After nine years behind bars for killing her abusive husband, SALLY CHALLEN finally walked back into the arms of her family. But remarkably, far from leaving prison behind, she’s going back — to help other victims like her

PAINTED as a vengeful, jealous wife in court, Sally Challen spent nine years in prison for murdering her husband Richard after she bludgeoned him to death with a hammer. But in 2015, a change in the law meant coercive control finally became an offence. And in a landmark case which gripped Britain, Sally’s legal team argued that she was incapable of making a cold-blooded, premeditat­ed decision to kill Richard, as all reasoning had been destroyed by the years of psychologi­cal abuse and controllin­g behaviour she’d suffered. Finally, earlier this year, her charge was reduced to manslaught­er and Sally was released from prison. Today, in the last of our compelling interviews, she describes how she has been rebuilding her life and why she’ll be campaignin­g to help other abused women.

WHILE Sally Challen has blanked out much of her early time behind bars, the day she walked free is one that neither she nor her sons will ever forget.

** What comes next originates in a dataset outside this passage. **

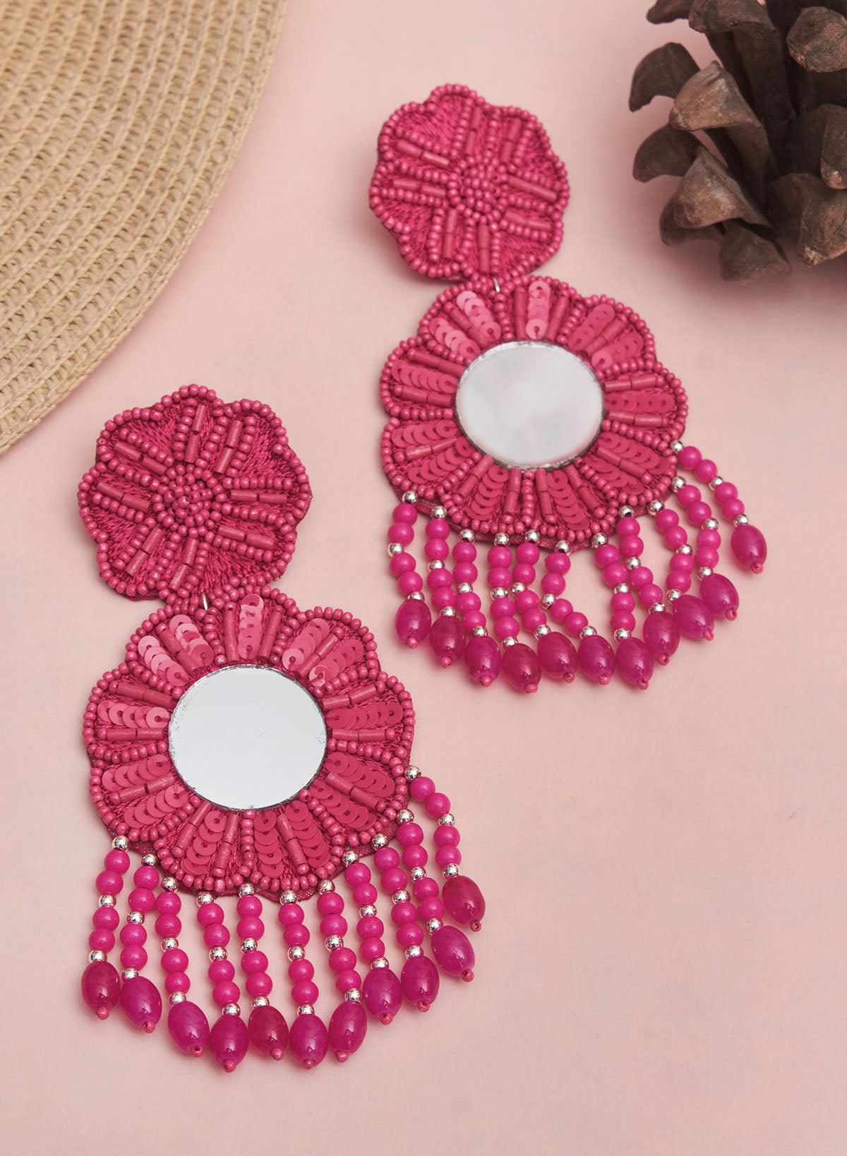 You can wear it with a black or white dress, with pink mirror long earrings to go for a contrast look for summer break. These earrings can also be matched with a denim and bright yellow crop top with a shrug for a boho beach party.

When she was granted bail on April 5 this year, two months after her original conviction for the murder of her husband Richard was quashed, David and James came straight to Bronzefiel­d Prison in Surrey to pick her up.

‘It was like a scene from a film, with the released prisoner walking down a long corridor,’ remembers David, 32. ‘Mum said she heard afterwards that all the prisoners had their faces pressed to the windows to see.’

The family drove to 36-year-old James and his partner Jen’s house, where Sally would stay — a free woman for the first time in nearly a decade. On the long drive, Sally rang everyone she could think of to say: ‘Guess where I am? I’m on the M25!’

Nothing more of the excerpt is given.